Look for the line with "2026新款蝴蝶结波点蕾丝少女心双肩包高颜值潮流可爱百搭书包" in the data below, then reproduce word for word that line and every line after it. Leave out all pictures and add nothing.

* **GIVEN MATERIAL**

────────────────────────────────────────

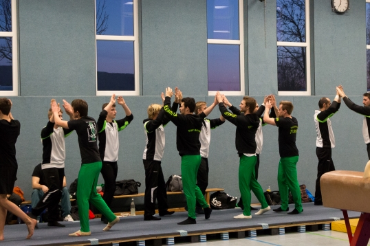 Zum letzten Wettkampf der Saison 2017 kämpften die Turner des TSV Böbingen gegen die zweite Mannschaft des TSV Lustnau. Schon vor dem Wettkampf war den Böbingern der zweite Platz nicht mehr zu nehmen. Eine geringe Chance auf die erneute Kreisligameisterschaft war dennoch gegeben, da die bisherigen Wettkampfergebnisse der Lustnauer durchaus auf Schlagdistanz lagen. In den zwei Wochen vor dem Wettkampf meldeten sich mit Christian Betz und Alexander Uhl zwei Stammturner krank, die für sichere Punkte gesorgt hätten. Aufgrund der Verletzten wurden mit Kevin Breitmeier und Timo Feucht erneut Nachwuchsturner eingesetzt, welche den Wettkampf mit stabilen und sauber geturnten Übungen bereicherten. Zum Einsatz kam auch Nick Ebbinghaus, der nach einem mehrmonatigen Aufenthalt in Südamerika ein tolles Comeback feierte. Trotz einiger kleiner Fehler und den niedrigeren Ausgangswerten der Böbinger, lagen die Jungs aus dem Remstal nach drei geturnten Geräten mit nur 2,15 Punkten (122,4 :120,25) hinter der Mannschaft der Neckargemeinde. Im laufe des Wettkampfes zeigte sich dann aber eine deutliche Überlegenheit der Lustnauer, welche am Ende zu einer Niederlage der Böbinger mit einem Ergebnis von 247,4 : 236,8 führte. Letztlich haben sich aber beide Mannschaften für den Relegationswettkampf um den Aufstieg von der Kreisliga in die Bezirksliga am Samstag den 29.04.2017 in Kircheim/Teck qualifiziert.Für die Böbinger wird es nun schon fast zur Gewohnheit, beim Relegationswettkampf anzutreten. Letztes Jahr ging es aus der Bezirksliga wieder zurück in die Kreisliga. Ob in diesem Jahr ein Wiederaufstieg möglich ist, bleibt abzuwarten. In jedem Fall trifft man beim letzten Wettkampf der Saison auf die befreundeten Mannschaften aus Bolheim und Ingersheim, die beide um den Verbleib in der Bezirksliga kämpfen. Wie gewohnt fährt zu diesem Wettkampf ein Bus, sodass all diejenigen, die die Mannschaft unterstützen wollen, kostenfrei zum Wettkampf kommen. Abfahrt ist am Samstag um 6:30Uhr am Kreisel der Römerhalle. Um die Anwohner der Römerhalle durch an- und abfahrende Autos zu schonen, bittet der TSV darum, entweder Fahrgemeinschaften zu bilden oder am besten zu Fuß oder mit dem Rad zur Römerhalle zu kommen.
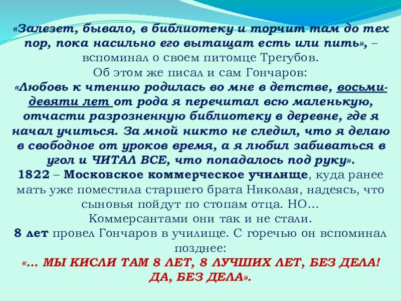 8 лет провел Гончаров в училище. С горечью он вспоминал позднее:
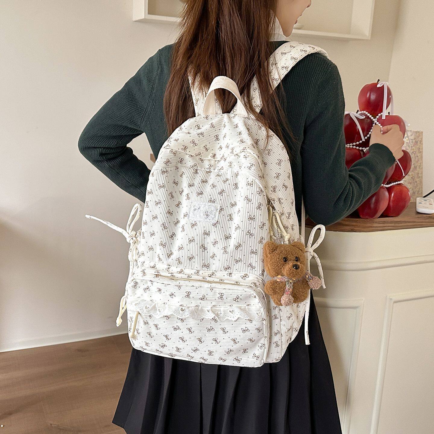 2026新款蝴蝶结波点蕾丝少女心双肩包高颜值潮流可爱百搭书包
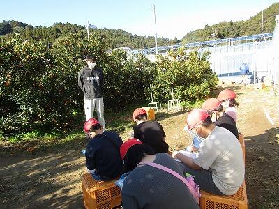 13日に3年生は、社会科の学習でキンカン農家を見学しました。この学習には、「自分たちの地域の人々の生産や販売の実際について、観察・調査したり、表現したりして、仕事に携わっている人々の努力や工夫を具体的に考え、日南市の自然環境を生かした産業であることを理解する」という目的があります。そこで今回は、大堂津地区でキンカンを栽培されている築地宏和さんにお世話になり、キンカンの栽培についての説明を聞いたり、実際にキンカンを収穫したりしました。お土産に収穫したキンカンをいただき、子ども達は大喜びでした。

────────────────────────────────────────

* **WRITTEN ANSWER**
 2026新款蝴蝶结波点蕾丝少女心双肩包高颜值潮流可爱百搭书包
 13日に3年生は、社会科の学習でキンカン農家を見学しました。この学習には、「自分たちの地域の人々の生産や販売の実際について、観察・調査したり、表現したりして、仕事に携わっている人々の努力や工夫を具体的に考え、日南市の自然環境を生かした産業であることを理解する」という目的があります。そこで今回は、大堂津地区でキンカンを栽培されている築地宏和さんにお世話になり、キンカンの栽培についての説明を聞いたり、実際にキンカンを収穫したりしました。お土産に収穫したキンカンをいただき、子ども達は大喜びでした。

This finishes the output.